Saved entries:
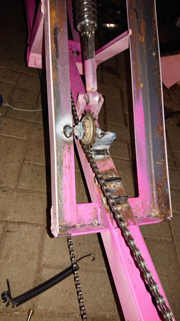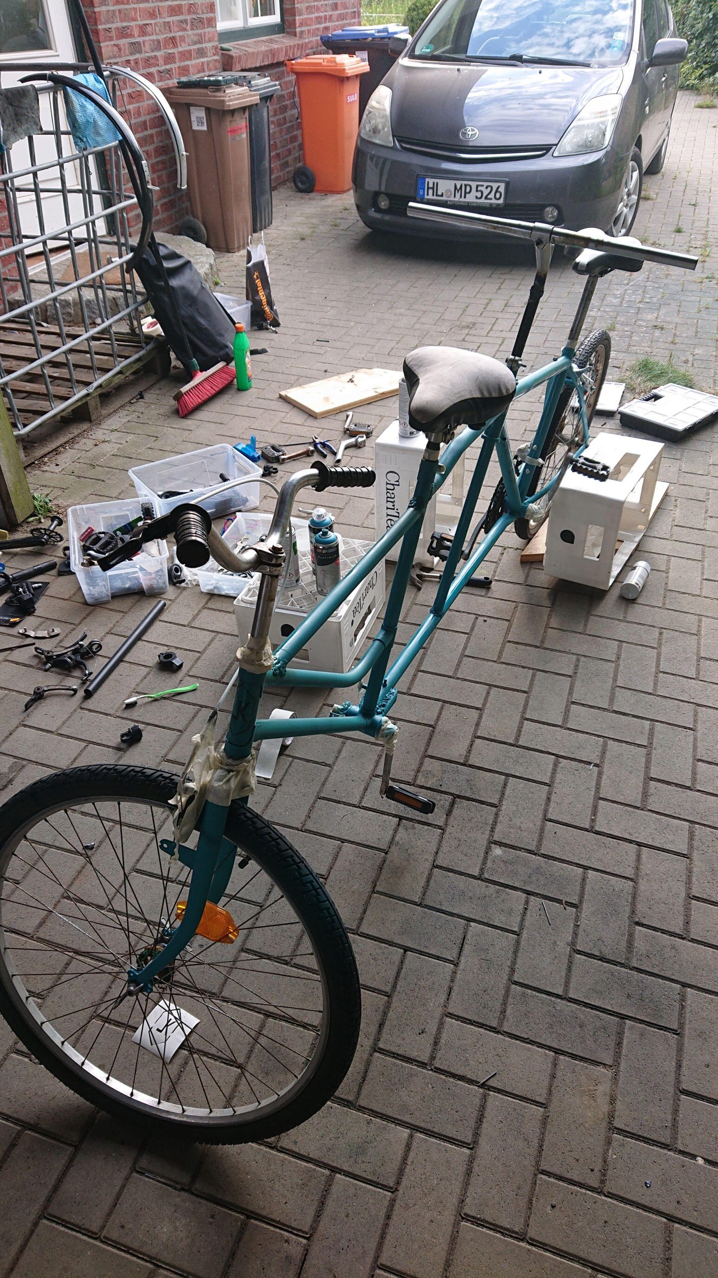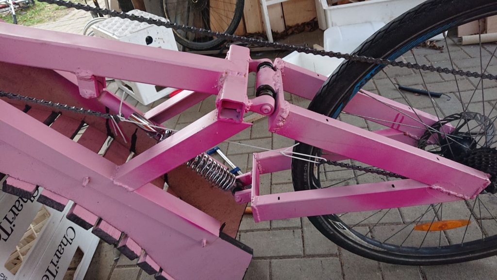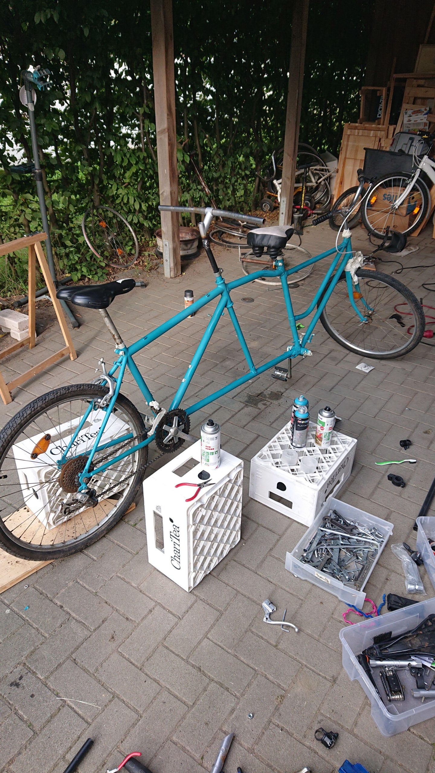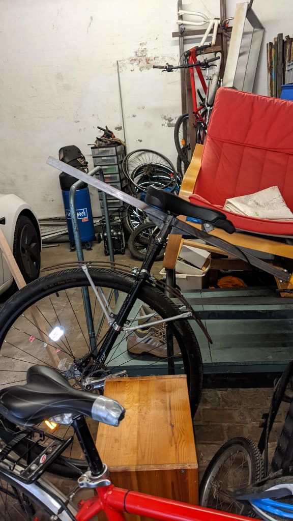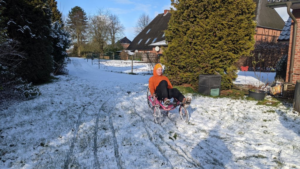 Im Winter, wenn es rutschig ist, sind zwei Räder schnell problematisch. Mit einem dritten ist umfallen aber sofort ein Problem der Vergangenheit. Das Liegetrike entstand im Winter 2021 aus Reststahl, einer Mopedfeder und zwei Puky Kinderfahrrädern für die Lenkung.
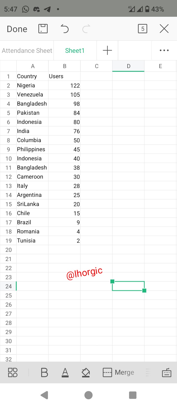 • From the chart we can tell that the Nigeria has the highest number of users on the platform. So we can use the first position to describe them
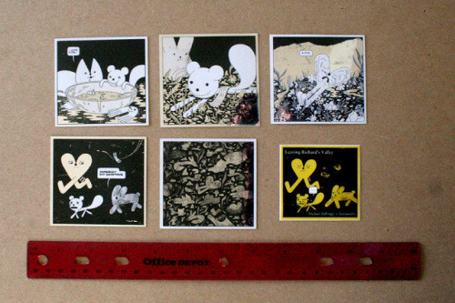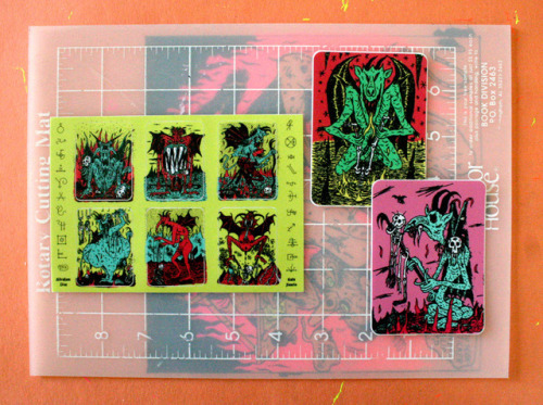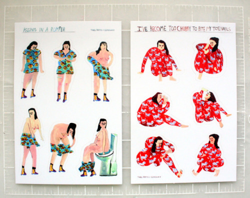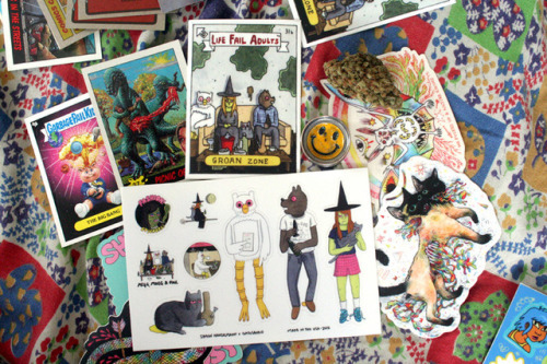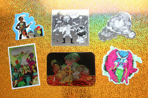 All of the water proof vinyl stickers currently available at Gatosaurio! From top to bottom, designs by: Inechi, Hervionono, Simon Hanselmann, Koyamori, Heather Benjamin, Tara Booth, Carly Schmitt, Michael DeForge, Abraham Díaz and Ginette Lapalme.
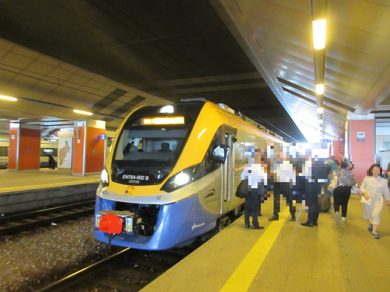 黄色のぴかぴかの車両で、ポーランドの経済成長のスピードを感じたように思いました。
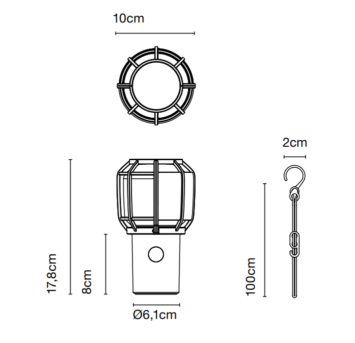 Outside, its design is protected by a grille that rotates the light source. The small weight of the Chispa lamp allows you to take it to the car, for wandering, camping, on boat trips, so it is perfect for traveling minds. It also contains an accessory for suspending and illuminating dining tables and gardens.
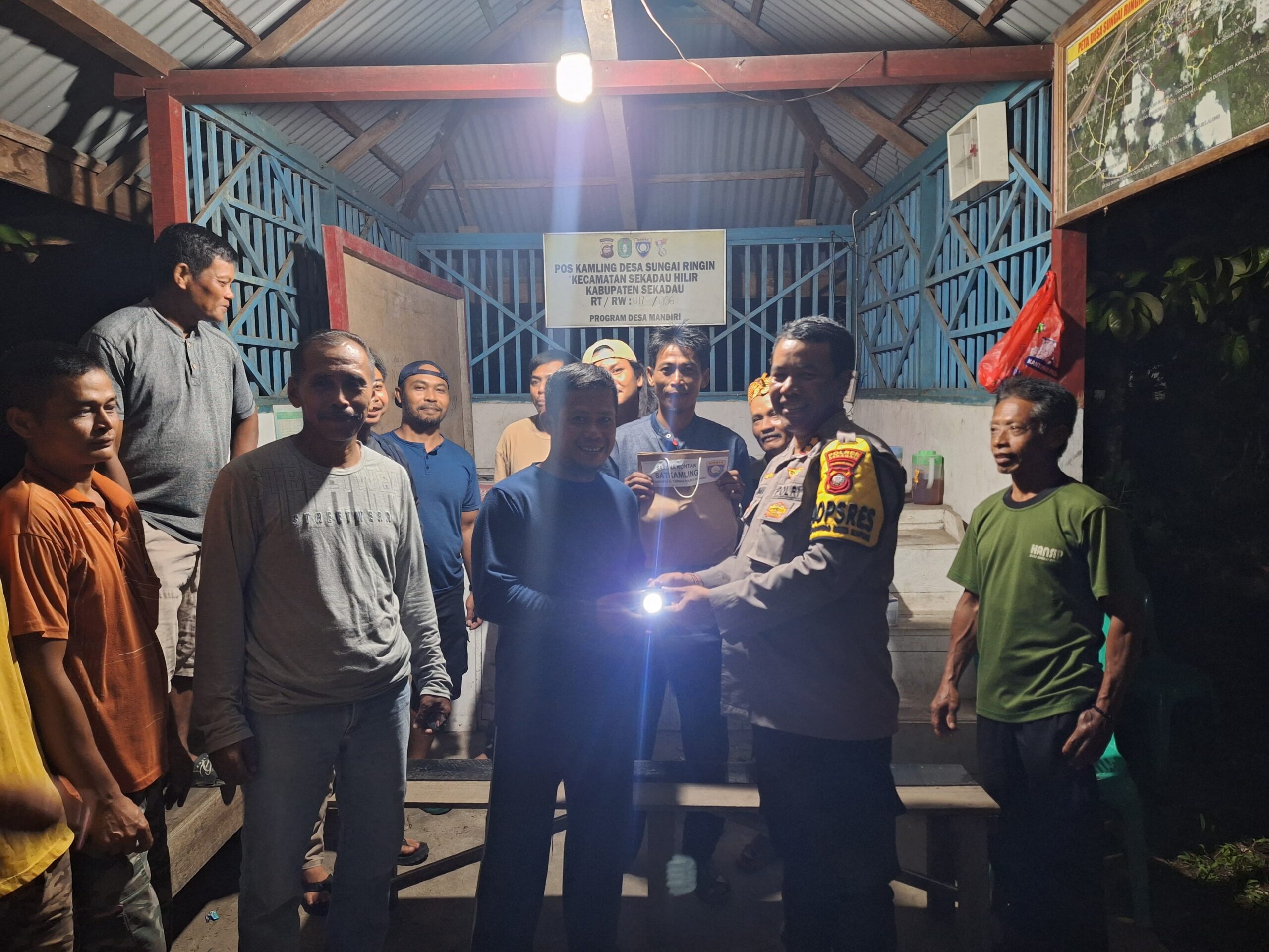 Kedatangan Kapolres disambut oleh Sekdes Sungai Ringin, Sulisnan selaku penasehat Satkamling Nirboyo, Kadus Senuruk Tono, Ketua RT, dan Awak Satkamling Nirboyo.
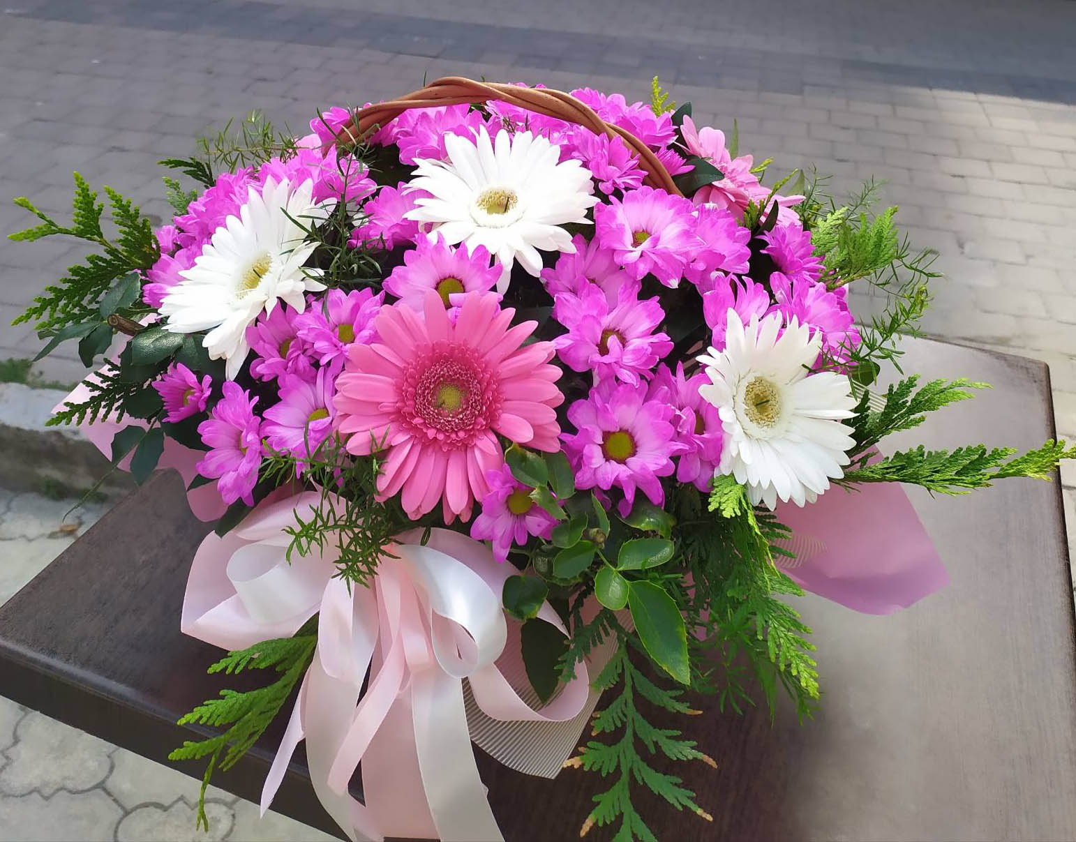 Цветочная корзина с белыми и розовыми герберами способна растопить самое холодное сердце, и заставить получателя улыбнуться даже в серый, дождливый день.

- _WHAT THE EXERCISE ASKS_
In the data above, find the line containing "Kedatangan Kapolres disambut"; from there, please write out each line through the end, exactly, with the pictures omitted.

- _EXERCISE RESPONSE_
 Kedatangan Kapolres disambut oleh Sekdes Sungai Ringin, Sulisnan selaku penasehat Satkamling Nirboyo, Kadus Senuruk Tono, Ketua RT, dan Awak Satkamling Nirboyo.
 Цветочная корзина с белыми и розовыми герберами способна растопить самое холодное сердце, и заставить получателя улыбнуться даже в серый, дождливый день.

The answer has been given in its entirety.